俺はホワイトボードを軽く叩いて注目を集める。
「聞こう。いつから武器を変えてはならないと錯覚していた?」
議論を最初期に後退させる俺の発言に、ミツキを除く全員が眉を寄せる。
俺はさらに続けた。
「そもそも、タリ・カラさんがシャムシール以外の武器を扱えない事に先の錯覚は端を発しているわけだ。では、タリ・カラさんがシャムシール以外の武器を同時に使用できるようにするのも一つの手だとは思わないか?」
新しい切り口を用意すると、二つの開拓団の整備士たちはすぐに思考を切り替えたようだ。
しかし、すぐに青羽根の整備士長が首を横に振る。
「シャムシールは通常武装として残して、対タラスク用の武器を別途用意して持ち変えるって事だろ? それは現実的じゃないだろ」
「惜しい。シャムシール以外の武器を扱えない事も解消する必要がある」
「ますます実現から遠のいてるじゃねぇか」
突っ込みを入れながら、整備士長は俺が具体案を口にするのを待っている。
「コトならどうせ、すでに実現までの道筋は立ててあるんだろ。とりあえず話してみてくれ」
俺はホワイトボードをひっくり返し、まっさらな面にペンを走らせる。
「要は、シャムシールと併用できて扱いが容易な武器であればいい。それも、雑に扱っても壊れなければなおのこといい」
そう、壊れなければいい。もしくは、壊れてもいい武器だ。
「そんなもの、一から作るより魔術を使えば早い」
俺はホワイトボードにこれから説明する武器を理解するための理論を書き込む。
ボールドウィンが首を傾げて意見を口にする。
「タラスク相手に並みの魔術は効果が薄いぜ。ロックジャベリンを甲羅の隙間に撃ち込めば効果もあるだろうけど、狙うのが難しい。魔力持ちの個体なら、ロックジャベリンの発動を見てから防御に回って完璧に凌いだりもする」
「既存の魔術は使わない。それに、狙いに関しては俺が開発した照準誘導の魔術で補う」
精霊人機を操作しながらピンポイントで魔術を放つのは難しい。魔術そのものが魔力消費の激しい攻撃手段という事もあり、精霊人機の稼働時間を大幅に縮めるリスクがある。

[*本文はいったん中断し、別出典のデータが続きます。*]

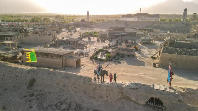 镇北堡影视城曾经是周星驰拍摄《大话西游》电影的取景地,现在拍戏用的土城楼,每天仍然很多粉丝前来打卡。他们会租或买一套朱茵所穿过的红色长裙,来完成打卡照。

どこかの飛蝗が持っているマジックキチガイ機でもない限り、精霊人機の魔術は武器を破壊された際に、その場から離脱するために牽制として使用するのが一般的だ。
精霊人機が相手にする大型魔物に有効打を与える攻撃力を魔術に求めると、自然と巨大化する傾向にあるため、これは仕方ない事だともいえる。
ベイジルが扱うアーチェは弓を別に用意する事でロックジャベリンを撃ちだして魔力消費量を減らす工夫がなされている。
「だが、武器の威力は大きさや重量だけで決まるわけじゃない。速度だって極めれば十分な攻撃力になる」
そんなわけで。
「せっかく人型なんだから、血管とか欲しくないか?」
俺はスラスターの未使用配管を横目に、月の袖引くに武器を提案した。